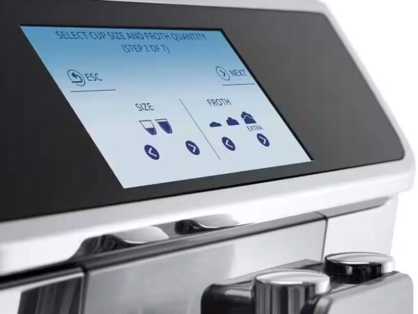 De’Longhi PrimaDonna Elite Experience ECAM650.85.MS არის პრემიუმ კლასის სრულად ავტომატური ყავის აპარატი, რომელიც თითის ერთი შეხებით ამზადებს ყველა თქვენ საყვარელ ყავას და რძიან სასმელებს LatteCrema სისტემით — სქელი, სტაბილური ქაფით და ზუსტი ტემპერატურით. აქვს დიდი ფერადი სენსორული ეკრანი, ფართო სასმელების მენიუ, ინდივიდუალური პროფილები სხვადასხვა მომხმარებლისთვის და მობილური აპით მართვის შესაძლებლობა. კონუსური საფქვავი 13 ფქვის დონით, არომატის/სიმტკიცის და მოცულობის დეტალური რეგულირება, ავტომატური წმენდა და მოხსნადი რძის კონტეინერი უზრუნველყოფს კომფორტულ ყოველდღიურ გამოყენებას სახლში ან პატარა ოფისში.
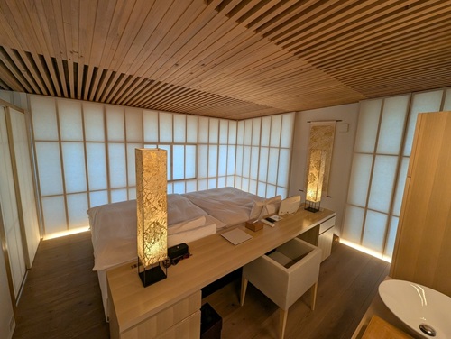 四方の壁は障子。行燈の中にいるみたい。
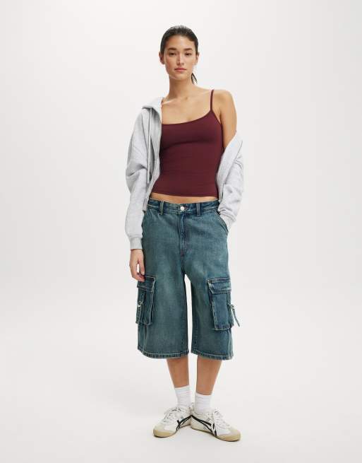 Cotton On 91 baggy denim jort in blue - MBLUE
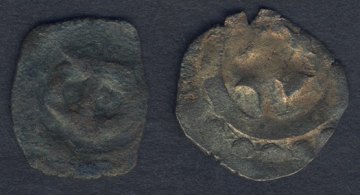 Dansk middelalder møntsæt, bestående af Erik Menved, penning ca. 1286-1319 og Christoffer II, penning ca. 1319-1332. Begge af sølv holdig kobber, ca. diam.: 18 mm.
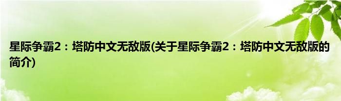 1、 《星际争霸2:塔防中文无敌版》是一款塔防小游戏。
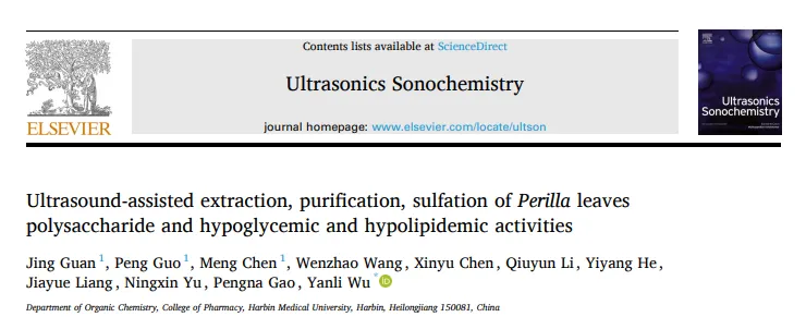 近日,我院有机化学教研室吴延丽教授团队在天然生物大分子治疗糖脂代谢紊乱研究方面取得重要进展,相关研究论文《ultrasound-assisted extraction, purificatiultrason sonochemon, sulfation of perilla leaves polysaccharide and hypoglycemic and hypolipidemic activities》已被国际期刊《ultrasonics sonochemistry》(中科院一区,if=9.7)收录并在线发表。
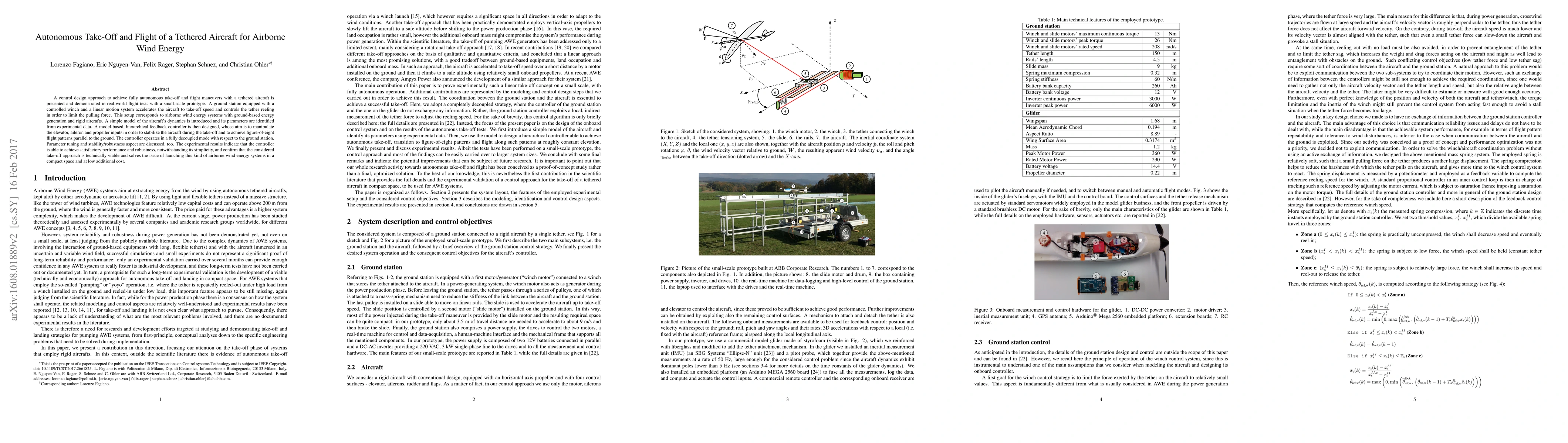 A control design approach to achieve fully autonomous take-off and flight maneuvers with a tethered aircraft is presented and demonstrated in real-world flight tests with a small-scale prototype. A ground station equipped with a controlled winch and a linear motion system accelerates the aircraft to take-off speed and controls the tether reeling in order to limit the pulling force. This setup corresponds to airborne wind energy systems with ground-based energy generation and rigid aircrafts. A simple model of the aircraft's dynamics is introduced and its parameters are identified from experimental data. A model-based, hierarchical feedback controller is then designed, whose aim is to manipulate the elevator, aileron and propeller inputs in order to stabilize the aircraft during the take-off and to achieve figure-of-eight flight patterns parallel to the ground. The controller operates in a fully decoupled mode with respect to the ground station. Parameter tuning and stability/robustness aspect are discussed, too. The experimental results indicate that the controller is able to achieve satisfactory performance and robustness, notwithstanding its simplicity, and confirm that the considered take-off approach is technically viable and solves the issue of launching this kind of airborne wind energy systems in a compact space and at low additional cost.
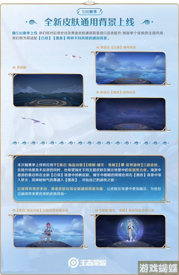 随S30赛季上线,我们将对后续史诗及勇者皮肤通用背景进行品质提升:根据单个皮肤的主题风格,我们将为其适配【白昼】【黑夜】两种不同风格的通用背景
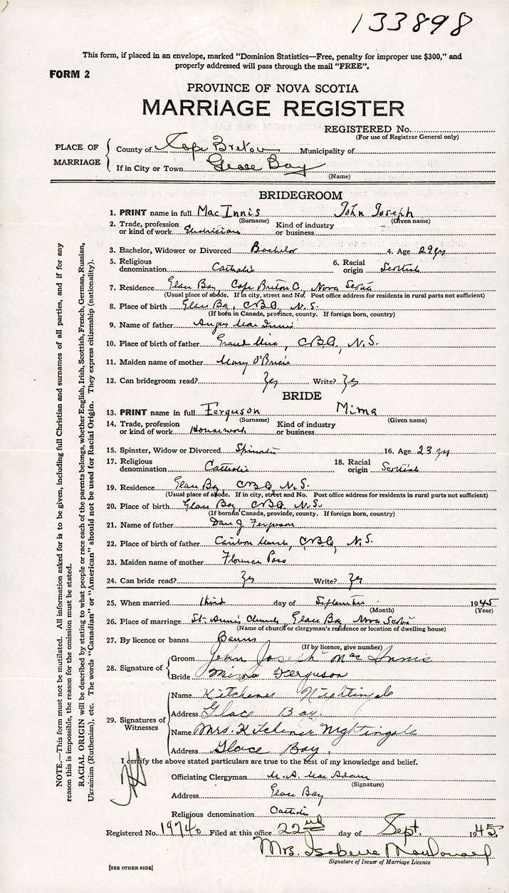 PLACE OF MARRIAGE County of Cape Breton in City or Town Glace Bay
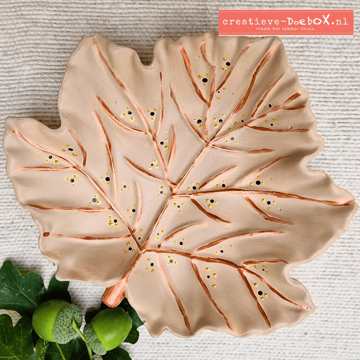 Haal de prachtige herfstkleuren in huis met dit elegante schaaltje in de vorm van een esdoornblad. Met een formaat van 13 x 15 x 3 cm is dit schaaltje ideaal om te gebruiken als decoratief object. Het natuurlijke ontwerp voegt een vleugje herfst toe aan elke ruimte. Of je nu kiest om het te beschilderen of in zijn originele staat laat, dit schaaltje zal zeker opvallen.
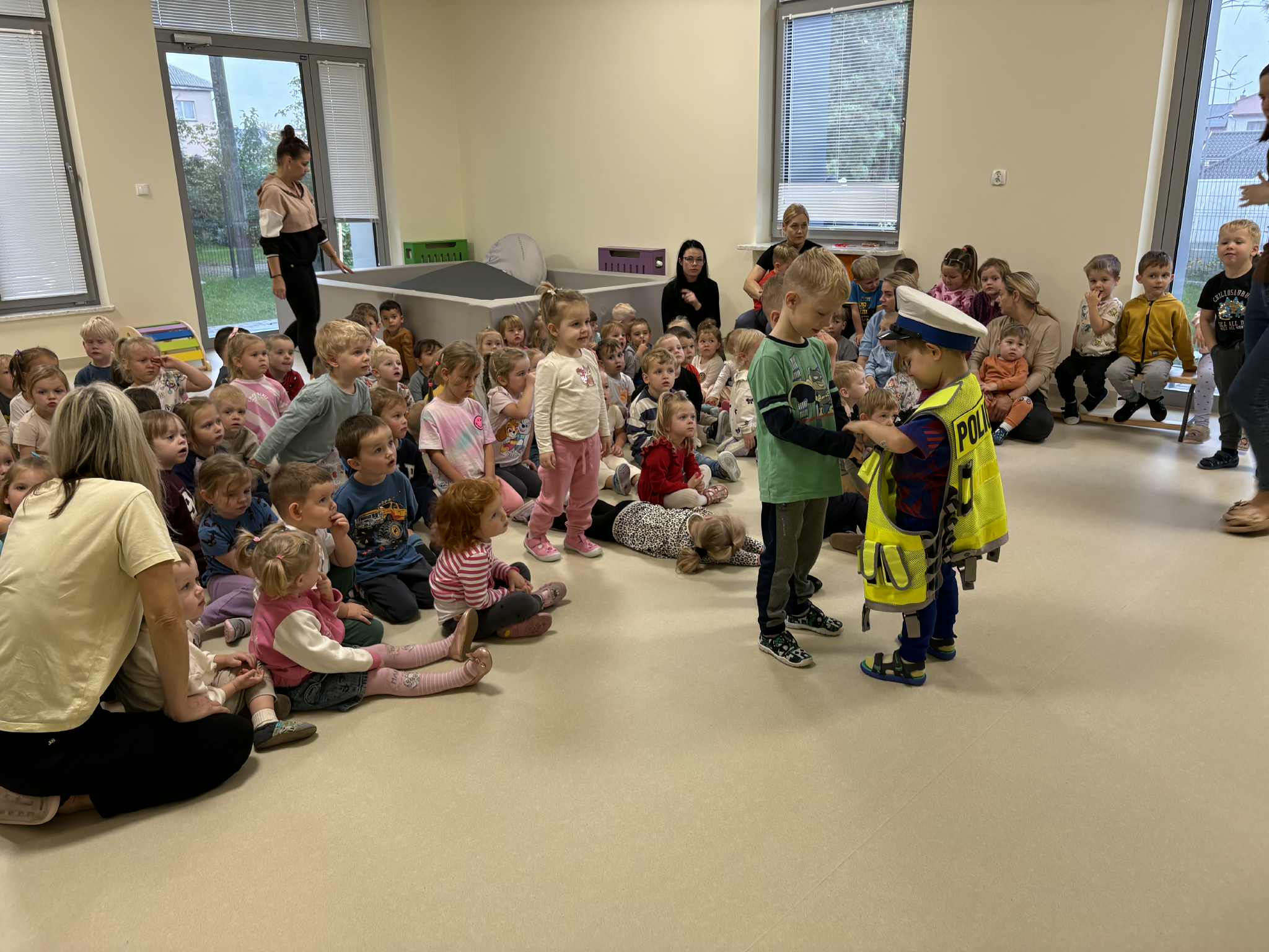 Przedszkolaki uczestniczyły w wyjątkowym spotkaniu z przedstawicielami Policji, którzy opowiedzieli dzieciom o swojej pracy oraz o tym, jak dbać o bezpieczeństwo – w domu, na ulicy i w przedszkolu.
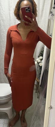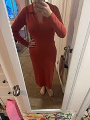 This dress was a little bit loose on me but was so comfortable. More of a burnt orange than red but a pretty color and a flattering neckline
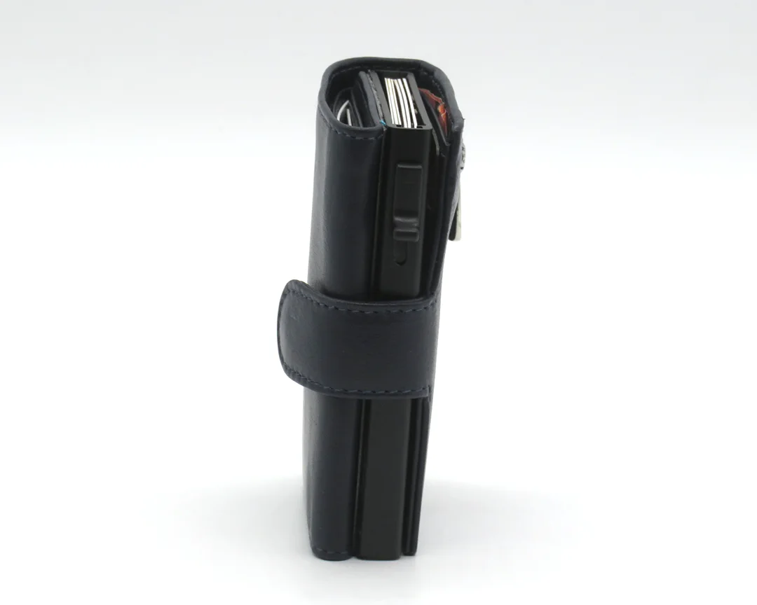 - Sistema pop-up: Il comodo sistema pop-up ti permette di estrarre le tue carte con un solo gesto rapido e semplice, senza dover aprire completamente il portacarte. Questo rende l’accesso alle tue carte veloce e pratico, ideale per un uso quotidiano.
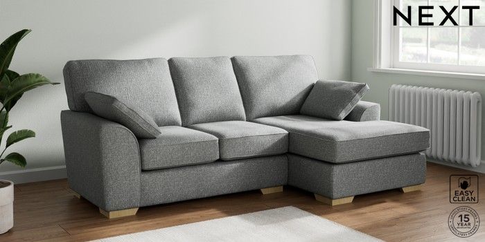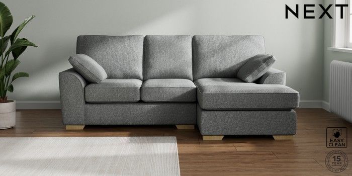 7.2.10 Stamford Small Sofa Chaise - Right Hand Chunky Boucle Easy Clean Mid Grey Large Square Angle - Light | Made Click here to use our website with more accessibility support, for example screen readers
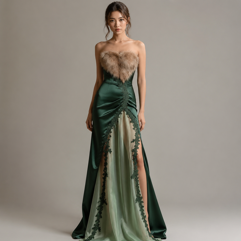photorealistic fashion design, photorealistic fashion design, A Female Dress design, in Casual style. the chest area is light brown fur and the hip/waist area is dark green and the opening between legs is light green chiffon and with flowry dark green laces. SY fashion aesthetics., casual style, just the design no text. Refinement: make the fabric sateen, just the design no text. Refinement: make Only the dark green parts sateen, keep the light green as it is along with the fur, also put it on a model
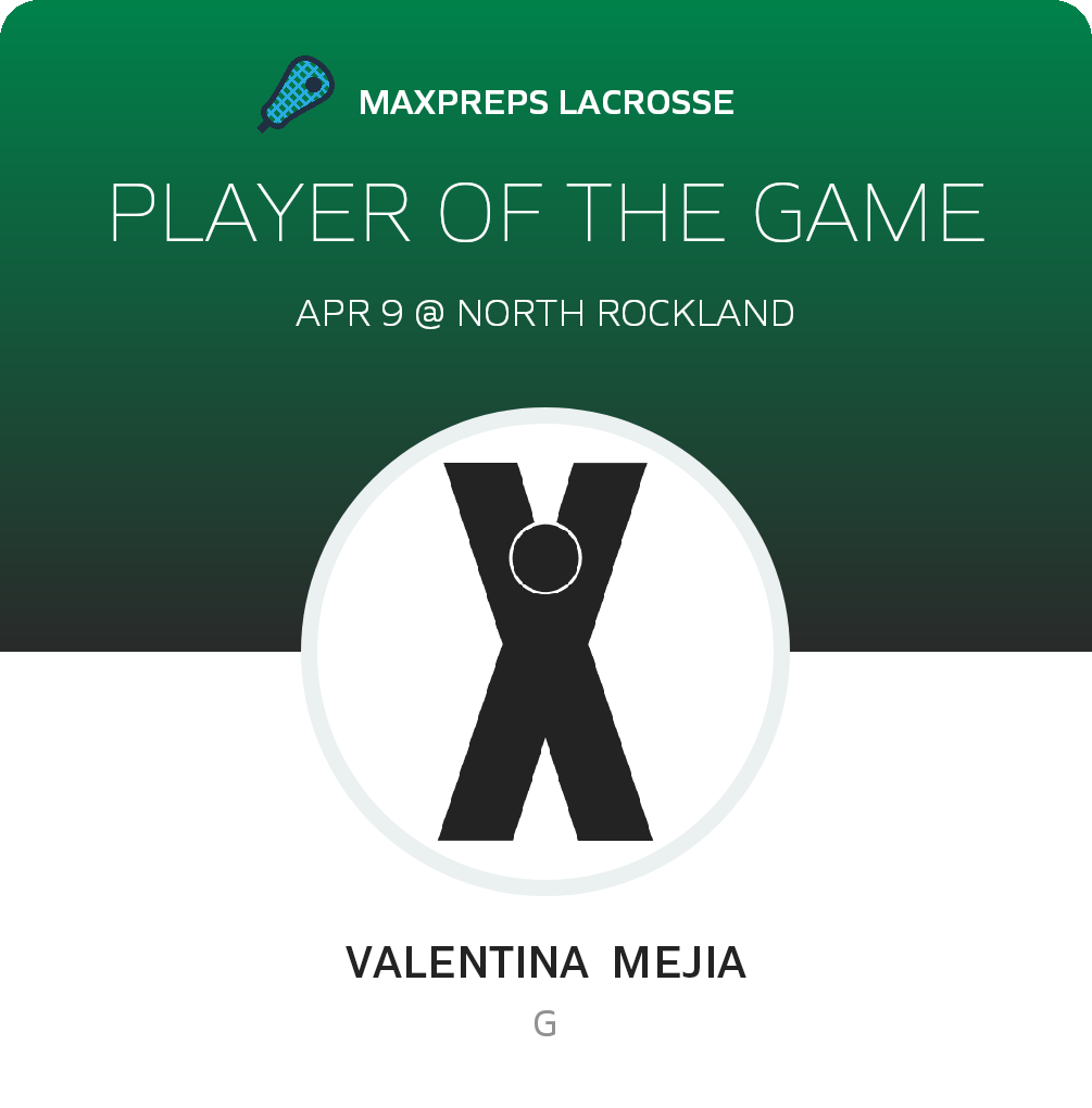 Congratulations to #33 Valentina Mejia for being selected the Lakeland-Panas Girls Lacrosse Player of the Game.
◆ ◆ ◆ ◆ ◆ ◆ ◆
Work request:
Every record above should be set down exactly, with the pictures left out.

Answer section:
 De’Longhi PrimaDonna Elite Experience ECAM650.85.MS არის პრემიუმ კლასის სრულად ავტომატური ყავის აპარატი, რომელიც თითის ერთი შეხებით ამზადებს ყველა თქვენ საყვარელ ყავას და რძიან სასმელებს LatteCrema სისტემით — სქელი, სტაბილური ქაფით და ზუსტი ტემპერატურით. აქვს დიდი ფერადი სენსორული ეკრანი, ფართო სასმელების მენიუ, ინდივიდუალური პროფილები სხვადასხვა მომხმარებლისთვის და მობილური აპით მართვის შესაძლებლობა. კონუსური საფქვავი 13 ფქვის დონით, არომატის/სიმტკიცის და მოცულობის დეტალური რეგულირება, ავტომატური წმენდა და მოხსნადი რძის კონტეინერი უზრუნველყოფს კომფორტულ ყოველდღიურ გამოყენებას სახლში ან პატარა ოფისში.
 四方の壁は障子。行燈の中にいるみたい。
 Cotton On 91 baggy denim jort in blue - MBLUE
 Dansk middelalder møntsæt, bestående af Erik Menved, penning ca. 1286-1319 og Christoffer II, penning ca. 1319-1332. Begge af sølv holdig kobber, ca. diam.: 18 mm.
 1、 《星际争霸2:塔防中文无敌版》是一款塔防小游戏。
 近日,我院有机化学教研室吴延丽教授团队在天然生物大分子治疗糖脂代谢紊乱研究方面取得重要进展,相关研究论文《ultrasound-assisted extraction, purificatiultrason sonochemon, sulfation of perilla leaves polysaccharide and hypoglycemic and hypolipidemic activities》已被国际期刊《ultrasonics sonochemistry》(中科院一区,if=9.7)收录并在线发表。
 A control design approach to achieve fully autonomous take-off and flight maneuvers with a tethered aircraft is presented and demonstrated in real-world flight tests with a small-scale prototype. A ground station equipped with a controlled winch and a linear motion system accelerates the aircraft to take-off speed and controls the tether reeling in order to limit the pulling force. This setup corresponds to airborne wind energy systems with ground-based energy generation and rigid aircrafts. A simple model of the aircraft's dynamics is introduced and its parameters are identified from experimental data. A model-based, hierarchical feedback controller is then designed, whose aim is to manipulate the elevator, aileron and propeller inputs in order to stabilize the aircraft during the take-off and to achieve figure-of-eight flight patterns parallel to the ground. The controller operates in a fully decoupled mode with respect to the ground station. Parameter tuning and stability/robustness aspect are discussed, too. The experimental results indicate that the controller is able to achieve satisfactory performance and robustness, notwithstanding its simplicity, and confirm that the considered take-off approach is technically viable and solves the issue of launching this kind of airborne wind energy systems in a compact space and at low additional cost.
 随S30赛季上线,我们将对后续史诗及勇者皮肤通用背景进行品质提升:根据单个皮肤的主题风格,我们将为其适配【白昼】【黑夜】两种不同风格的通用背景
 PLACE OF MARRIAGE County of Cape Breton in City or Town Glace Bay
 Haal de prachtige herfstkleuren in huis met dit elegante schaaltje in de vorm van een esdoornblad. Met een formaat van 13 x 15 x 3 cm is dit schaaltje ideaal om te gebruiken als decoratief object. Het natuurlijke ontwerp voegt een vleugje herfst toe aan elke ruimte. Of je nu kiest om het te beschilderen of in zijn originele staat laat, dit schaaltje zal zeker opvallen.
 Przedszkolaki uczestniczyły w wyjątkowym spotkaniu z przedstawicielami Policji, którzy opowiedzieli dzieciom o swojej pracy oraz o tym, jak dbać o bezpieczeństwo – w domu, na ulicy i w przedszkolu.
 This dress was a little bit loose on me but was so comfortable. More of a burnt orange than red but a pretty color and a flattering neckline
 - Sistema pop-up: Il comodo sistema pop-up ti permette di estrarre le tue carte con un solo gesto rapido e semplice, senza dover aprire completamente il portacarte. Questo rende l’accesso alle tue carte veloce e pratico, ideale per un uso quotidiano.
 7.2.10 Stamford Small Sofa Chaise - Right Hand Chunky Boucle Easy Clean Mid Grey Large Square Angle - Light | Made Click here to use our website with more accessibility support, for example screen readers
photorealistic fashion design, photorealistic fashion design, A Female Dress design, in Casual style. the chest area is light brown fur and the hip/waist area is dark green and the opening between legs is light green chiffon and with flowry dark green laces. SY fashion aesthetics., casual style, just the design no text. Refinement: make the fabric sateen, just the design no text. Refinement: make Only the dark green parts sateen, keep the light green as it is along with the fur, also put it on a model
 Congratulations to #33 Valentina Mejia for being selected the Lakeland-Panas Girls Lacrosse Player of the Game.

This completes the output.